Capacity guarantees

[kirs]

With the model described here, no lower SLO jobs would be started until higher SLO jobs are worked off. In 99% of time this is what we want to follow, except when something like payments starves the system so hard that no webhooks or shipping rates are processed.

The way we've solved it with the current model is to always allocate some number of workers to low-SLO queues:

# queues are ordered
100 x jobs-payments: QUEUES=payments,default,low,webhooks
30 x jobs-default: QUEUES=default,low,webhooks,payments
20 x jobs-webhooks: QUEUES=webhooks,payments,default,low
5 x jobs-low: QUEUES=low,webhooks,payments,default

This model allowed us allocate some small number of workers to queues on the bottom of the list, to have isolated capacity in case higher-SLO queues are too overwhelmed. And when they have nothing to process in their preferred queue, they would help other queues - like jobs-low would process something from the payments queue.

This model helps with isolation, but also takes a lot of manual decisions to configure it. Perhaps we could bake something similar into SLO queues?

One idea that I have is to use weights:

type sloQueue struct {
    slo    time.Duration
    weight float64
}

func calculateWeight(slo, min time.Duration) float64 {
    return float64(min) / float64(slo)
}

func main() {
    fmt.Println("Hello, playground")

    realtime := &sloQueue{slo: 1 * time.Second}
    payments := &sloQueue{slo: 5 * time.Second}
    rates := &sloQueue{slo: 30 * time.Second}
    webhook := &sloQueue{slo: 300 * time.Second}
    low := &sloQueue{slo: 900 * time.Second}

    orderedQueues := []*sloQueue{realtime, payments, rates, webhook, low}

    highest := realtime

    for _, q := range orderedQueues {
        q.weight = calculateWeight(q.slo, highest.slo)
        fmt.Printf("slo=%d, weight=%.3f\n", q.slo/time.Second, q.weight)
    }

    for {
        for _, q := range orderedQueues {
            if q.Length() <= 0 {
                continue
            }
            if q.PeekPriority() <= currentTime || rand.Float64() >= q.weight {
                fmt.Printf("processing %d \n", q.slo)
            }
        }
    }
}

So at the end it it goes from "pure SLO queue" to "SLO queue + some amount of randomness" to give some guaranteed capacity to low-priority queues.

Looking forward to hear what you think.

[AndyKwiat]

With the model described here, no lower SLO jobs would be started until higher SLO jobs are worked off.

This is not correct. I did not do a good job of explaining the algorithm I don't think.

Lower SLO jobs would be started if higher SLO jobs have not waited long enough. For example, if a payment job has an SLO of 5 seconds and it's in the queue, and there's a million webhooks that are super behind. The million webhooks will start getting worked off until that payment job has waited 5 seconds.
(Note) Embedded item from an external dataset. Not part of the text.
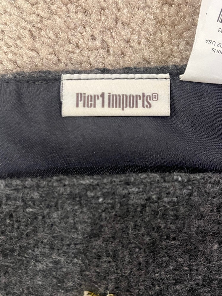 Add a touch of winter wonderland to your dining table with this beautiful Pier 1 Imports table runner. Featuring a charming Christmas pine tree pattern in gray and cream, this 72-inch long and 14-inch wide rectangle runner is perfect for the holiday season or any other occasion. Made of a blend of nylon, polyester, wool, and acrylic, this table runner is easy to care for with spot cleaning instructions. Good Condition Please see Photos Thank you for Looking Smoke Free

Sorry it might be easier to just to white-board this thing.

[kirs]

Ohh right, I've missed that.

Rephrasing my point (which I think might be still relevant):

If we have both payments (SLO 5s) and webhooks (SLO 30s) backlogged, with jobs in both waiting for equally long, would we want to process them equally or would we want to shift priority slightly from one towards another?

[AndyKwiat]

If we have both payments (SLO 5s) and webhooks (SLO 30s) backlogged, with jobs in both waiting for equally long, would we want to process them equally or would we want to shift priority slightly from one towards another?

If they're both behind, the algorithm will always choose the lower SLO queue first. So if payment is behind, ALL workers will work off payment until the first job in the queue is ahead of schedule (even by a fraction of a second).

But that doesn't mean we starve webhooks, because when we enqueue a payment job we have 5s before that job becomes 'top priority'. We don't just blindly dequeue from the lowest-SLO queue.

The real interesting question is what should we do if all queues are meeting their SLOs? Should we just make payments super fast? Or should we work off the longest queue? This decision is more important than it seems, especially if we're on the verge of falling behind.